日本だけこれほど人口が増えたのは、世界に稀に見る高度成長を達成したからで、それは日本人の勤勉さもあったでしょうけれども、朝鮮戦争やベトナム戦争のような「特需」で輸出基地になったから。

近代化の条件はこの面積で8000万人。安倍首相は「9000万人死守」と言っているが、8000万人ぐらいまでは減るのではないか。1億人以上人口がいると原則、貧しくなってしまう。逆に言うと日本は貧しくならなかったのが不思議です。

――日本は人口減少を恐れるべきではない、と。

戦争をしようと思えば人口減少は恐れなければならないのですが、戦争をしない仕組みを作っておくほうが重要です。

現代は衣食住は満ち足りている時代。車が一家に1台あり、歩いて数分のところにコンビニがある。もうすぐ自動運転も実現する。日本で年収1000万円あればルイ16世並みの生活ができるという話もあるほどで、日本で1000万円を超える給与所得者は国税庁によれば2015年度で209万人(全給与取得者の4.3%)も存在します。

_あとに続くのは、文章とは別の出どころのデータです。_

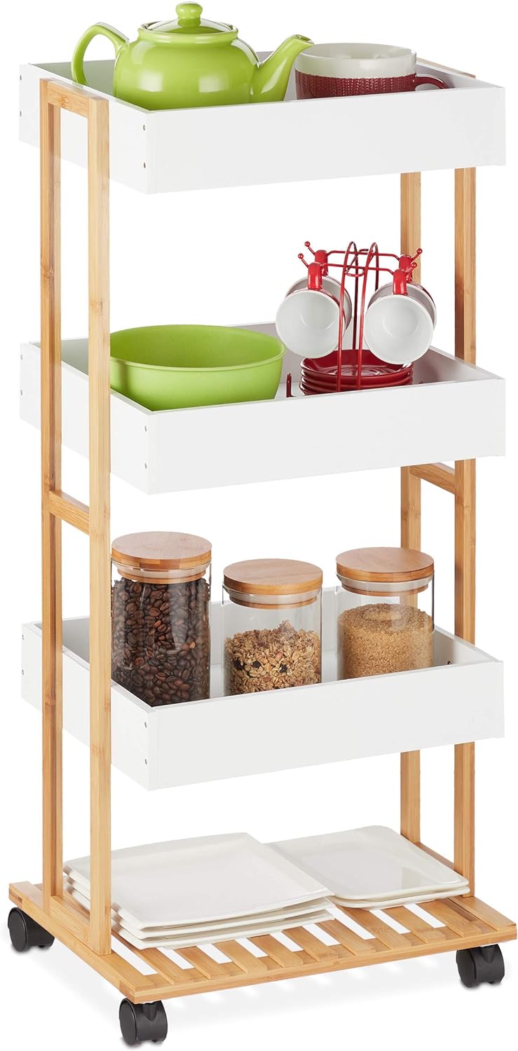 Relaxdays Servierwagen, Bambus & MDF, Küchenwagen mit 4 Etagen, Rollwagen, Küche & Bad, HBT: 88 x 40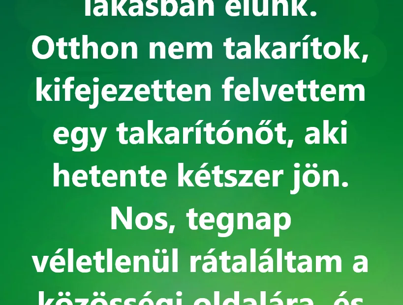 A férjem jól keres, ezért egy világos, tágas lakásban élünk, ahonnan csodás kilátás nyílik a városra. Hetente kétszer megjelenik nálunk a takarítónő – egy csendes, udvarias asszony, aki úgy járja végig a helyiségeket, mint egy enyhe szellő, szinte észrevétlenül. Letöröl minden polcot, gondosan összegyűjti a ruhákat, és alig szól egy halk „Jó reggelt”-nél. Számomra ez csak a mindennapok része volt: valaki, aki megérkezik, kitakarít, aztán távozik.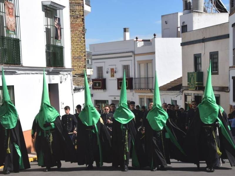 La Hermandad conserva asimismo formas tradicionales de portar sus pasos, siendo estos llevados al hombro por hermanos nazarenos sin antifaz, ceñidos con cincho de esparto y revestidos con peto de terciopelo verde bordado en oro. Este singular modo de procesionar, transmitido de generación en generación, refuerza la identidad propia de la corporación.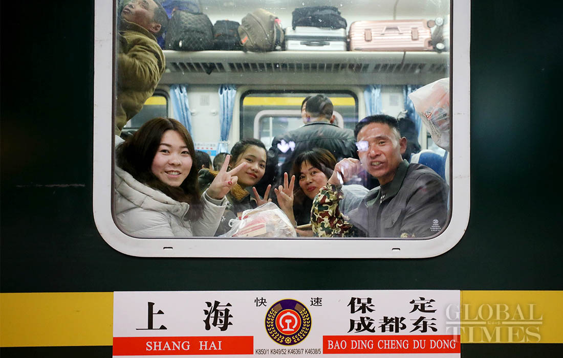 Passengers pose for the camera on a train on departure at Shanghai railway station Jan 17, 2018. Photo: Yang Hui/GT figcaption >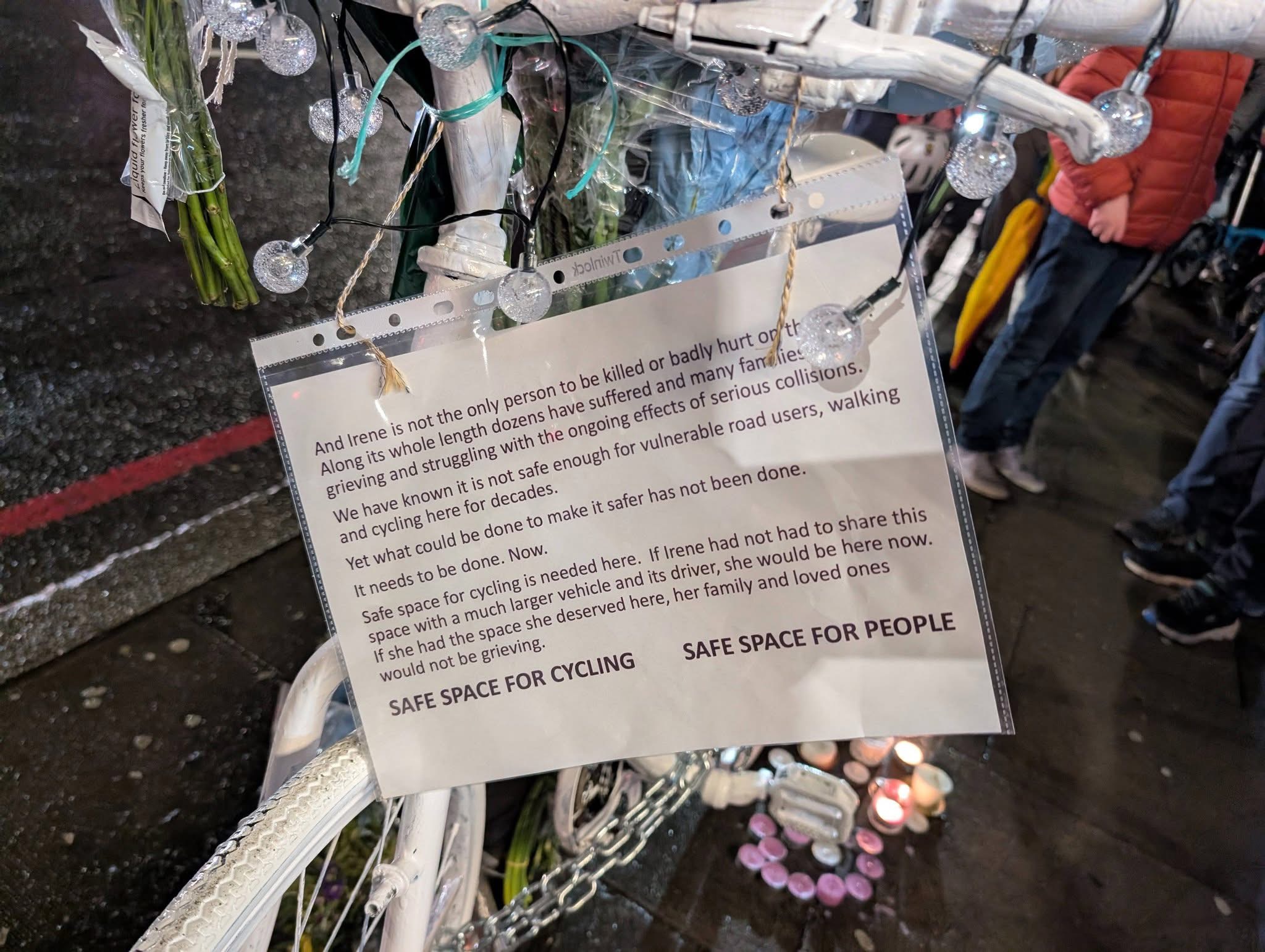 On Friday night, friends and residents held a vigil for Irene Leardini, an experienced cyclist and bike mechanic, who died following the collision between her bicycle and a lorry. Those at the gathering paid tribute and said they wanted to draw attention to what they describe as persistent safety issues on the route.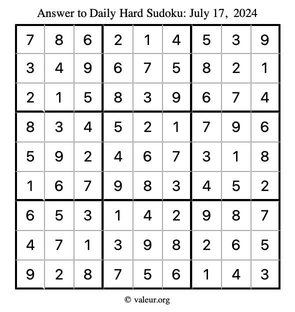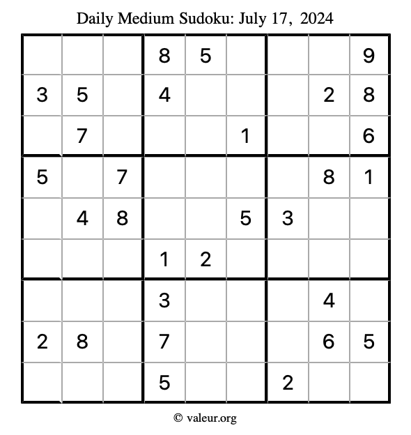 Daily Four Sudoku Puzzles July 17, 2024 is not the only daily set of sudoku puzzles we have. We create four sudoku puzzles every day for you to print and solve. Check out today's set of four sudoku puzzles here!

絶対君主制の時代は上位1%だけが豊かになることを許される社会でした。ところが市民革命が起きて国民が主権者になった。これは、つまり、すべての人がルイ16世並みの贅沢をしたいと公言できる社会になったということです。

――「足るを知る」ことが重要に思えます。

例えばビル・ゲイツは9兆円の資産を持っていますが、彼はおそらくそれをもっと増やしたいと考えている。貨幣が権力の象徴になっているからです。ビル・ゲイツ本人に聞いたわけではないのですが、想像するに彼も内心は「(フェイスブックの)マーク・ザッカーバーグに抜かれたらどうしようか」と思っているはず。追い込まれているんです。

――日本は「強欲」なグーグルやアマゾンに攻め込まれるばかりにもなっています。

それは現在の日米の力関係を反映している鏡です。アマゾンの日本法人はあの強力な財務省に対して法人税支払いを拒否しています。アマゾンは日本法人は倉庫であり、営業活動をしていないと主張している。財務省が怠けているわけでなく、日米の力関係からそうなっているのです。